The right to panhandle/solicit money is constitutionally protected. The information contained on this page contains general information about where you can panhandle, what you may and may not do while panhandling, and what to do if you are confronted by a police officer or public official while panhandling. Laws vary across cities and counties, so for specific legal advice you should contact the ACLU or a private attorney. DOWNLOAD PDF 

Your Rights as a Panhandler
  • Panhandlers can ask for money and may hold up signs asking for money. Panhandling is a recognized form of free speech, therefore, it is protected by the First Amendment to the United States Constitution. 
Where You May Panhandle
  • Panhandlers may solicit money in public spaces and rights of way. Public sidewalks, public squares, public parks and parking lots, and including shoulders of roads so long as not obstructing traffic and other public areas immediately adjacent to public streets, are all examples of public spaces. 

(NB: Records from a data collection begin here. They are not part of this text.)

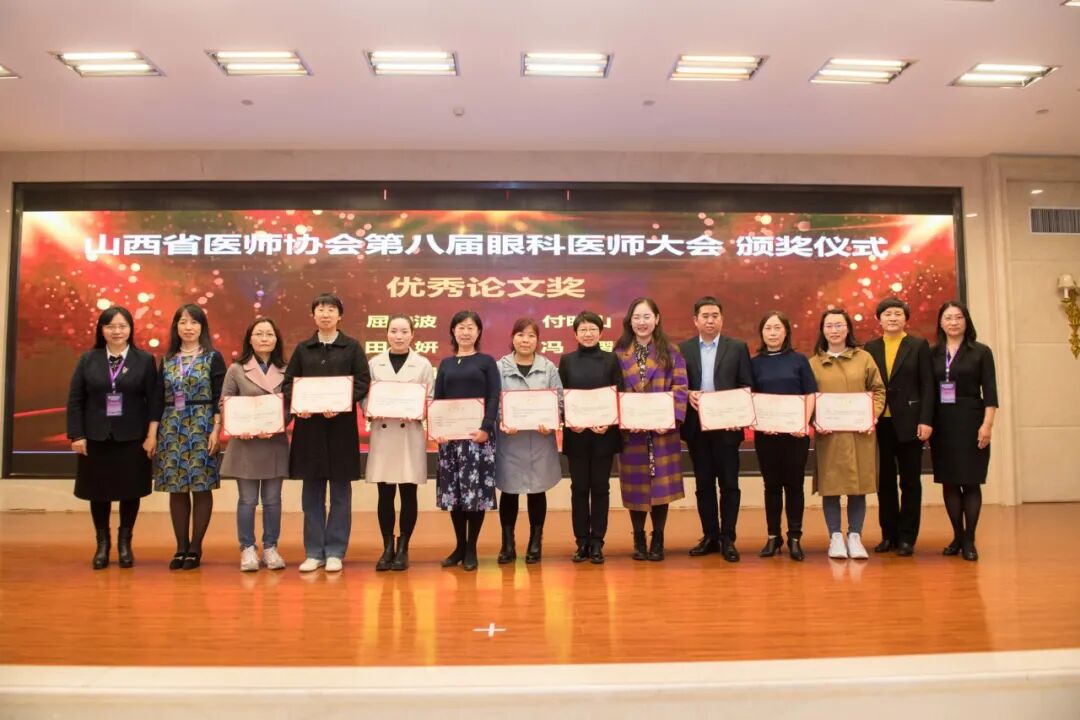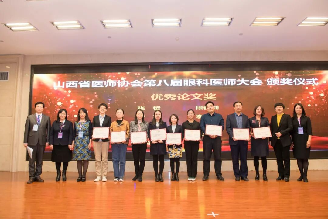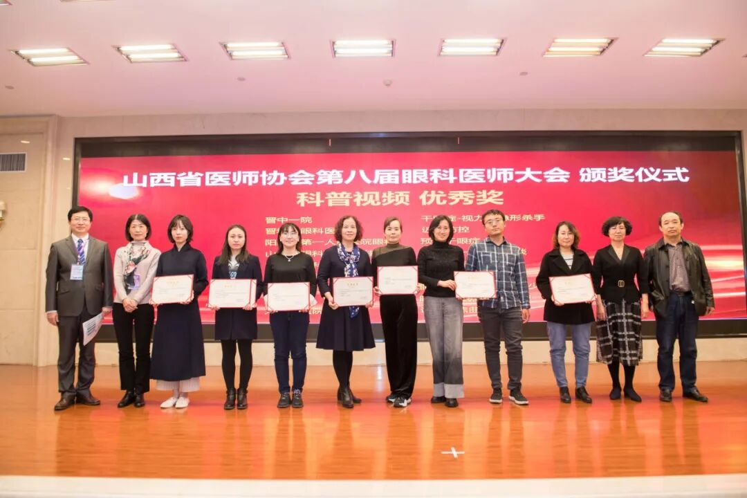 会议还对首届优秀眼科医师、优秀论文和优秀科普视频进行了表彰。我院袁志刚、石岩获得“山西省优秀眼科医师奖”,周国宏、张东昌、赵军梅、冯熠、郑东萍、史清霞、张哲、闫春芳获得“优秀论文奖”,我院青光眼科、眼底病科、原莉莉、韩媛媛、赵俊华获得“优秀科普视频奖”。
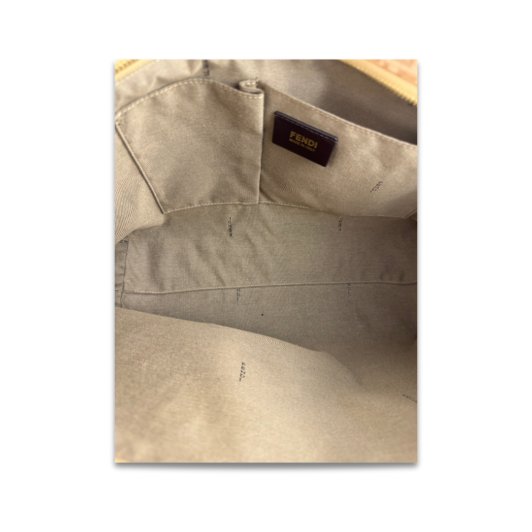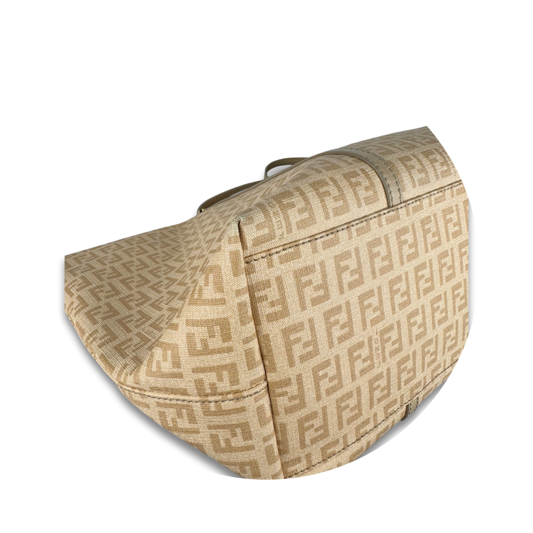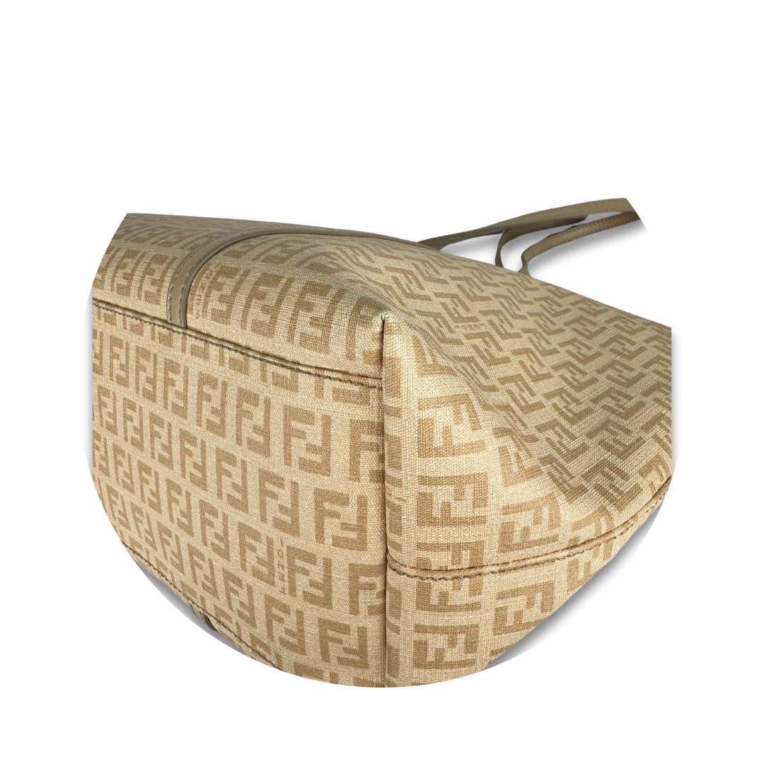 Beige and tan zucchino coated canvas exterior with tonal leather trim, canvas interior, and gold-tone hardware. Features leather shoulder straps, zipper closure and interior pockets. Includes certificate of authenticity.
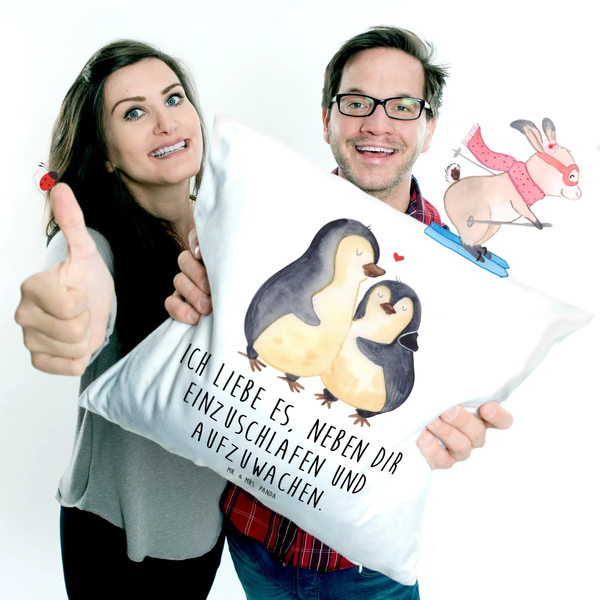 Entdecke die perfekte Kissenhülle für die Liebenden in deinem Leben - unser 40x40 Kissen mit dem bezaubernden Motiv "Pinguine Einschlafen" aus der Kollektion Liebe von Mr. & Mrs. Panda. Dieses Kissen ist nicht nur ein praktisches Wohnaccessoire, sondern auch ein Ausdruck von Zuneigung und Verbundenheit.
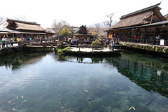 忍野八海は、 八つの泉があることから付けられた名前。 お土産物屋が多く観光客も次々と押し寄せ大変賑わっているため商売的な匂いがプンプンするが、 澄んだ湧水や、 そこを泳ぐ魚を眺めていると、 清らかな気分になる。 写真の池は、 園内にあるが忍野八海のひとつではない。
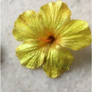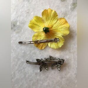 Beautiful Spring Pair of two, including: pretty pink butterfly crystal hair barrette in dark silver tone filigree style with pink, and clear ab crystals, and a beautiful yellow glitter flower hairclip handcrafted new. In good condition, clips open nicely and crystals in tact silver tone base metal on clip barely visible tarnish overall good condition, beautiful for spring summer pop of color crystal and sparkles ✨🌞🌸🌺🌼

  • Panhandling on private property, such as a business, is not usually protected unless you have permission from the owner or operator.
Limitations on Panhandling
  • Panhandling that blocks traffic is illegal.
  • If you assault someone while panhandling, you can be arrested. Assault is defined as, “the threat or use of force on another person that causes that person to have a reasonable apprehension of imminent harmful or offensive contact.” Being forceful when soliciting can get you arrested.
Encounters with Police
  • If you are confronted by the police, try not to escalate the situation.
  • If you are arrested, do not run or resist even if you believe the arrest is unlawful.
  • Contact the ACLU of Arkansas if you are pushed out of public space or cited or arrested for asking for assistance.